What if getting it right the first time is wrong?
By Matt Adams on April 9, 2019
You know the old saying, ‘Do it right the first time.’ What if that’s not the right answer though? What if the first time was a warm-up, a trial, a learning experience? What if the first time was a baseline to measure against?
Often, we want to dive in and spend time crafting the perfect strategy, the perfect design, and the perfect email campaign. We do our homework, we measure twice, cut once, and so on. But then the customer does something unexpected. They click the wrong link, they skip the page we put so much time and effort into and jump around like we didn’t expect.
What if we changed this mindset? Let’s call the first version test 1, like Website homepage design test 1. Then, as soon as we launch it, we measure the results. When we approach the work with a scientific mindset and assign expected inputs and outputs to a set experiment, we can measure, test, and make revisions.
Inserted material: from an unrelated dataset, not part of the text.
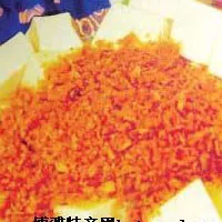 素食豆酥豆腐 山西 • 忻州 • 五台 材料∶嫩豆腐(盒装)/半块。 调味∶豆酥。 做法∶ 1.先将豆腐切成小正方置磁盘,入蒸笼,或电锅蒸约5分钟。 2.锅内擦乾小火炒香豆酥,置於(1)的豆腐上即可。 贝叶莲心∶ 1.豆酥加油炒会较酥较香,也较不易焦,但相对的,身材就要付出一些代价。 2.这道菜变化的食材相当多,如∶菇类、高丽菜切大块蒸熟,豆皮、豆包、南瓜、马铃薯蒸熟再洒上炒香的豆酥。 3.豆酥就是豆酥鳕鱼上的豆酥,黄豆发酵後制成,味道咸咸甘甘的,很下饭,在一般传统杂货店,或台南水交社市场,丽都戏院市场内皆有卖。
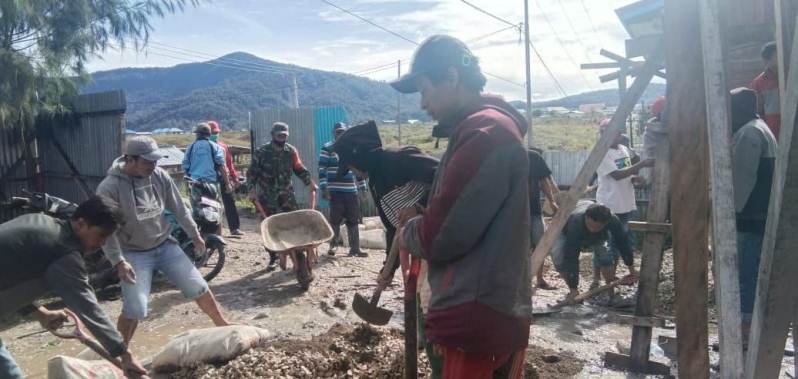 WAGHETE – Babinsa Koramil 1703-02/Waghete Sertu Natalis dan Serda Warsimin, bersama warga melaksanakan karya bhakti pengecoran tiang Gereja Pantekosta serikat Indonesia (GPSI) di Kampung Idege, Distrik Tigi, Kabupaten Deiyai, Papua.

So let’s say down with the one shot to get it right. That’s never how science works. When Thomas Edison was working on the lightbulb, he said, “I haven’t failed — I’ve just found 10,000 that won’t work.”
“I haven’t failed — I’ve just found 10,000 that won’t work.”
Let’s find the ones that don’t work, get them out of the way and keep moving. Maybe it does work, but it could be better. Remember that lightbulb Edison had, well it’s gone now. We did the CFL thing, and now the LED thing — they keep getting better. The original lightbulb worked just fine, but these LED bulbs work better. Improved technology outputs better, energy efficient light.
How can we build a web strategy that not only works but produces more results at fewer costs? By working together, we can build the scientific tests, to find the measurable win, and track results to every project. We find these make excellent monthly engagements where every month we plan out tests, goals, ideas, and execute on them. Let’s fail together, but eventually, build that better lightbulb.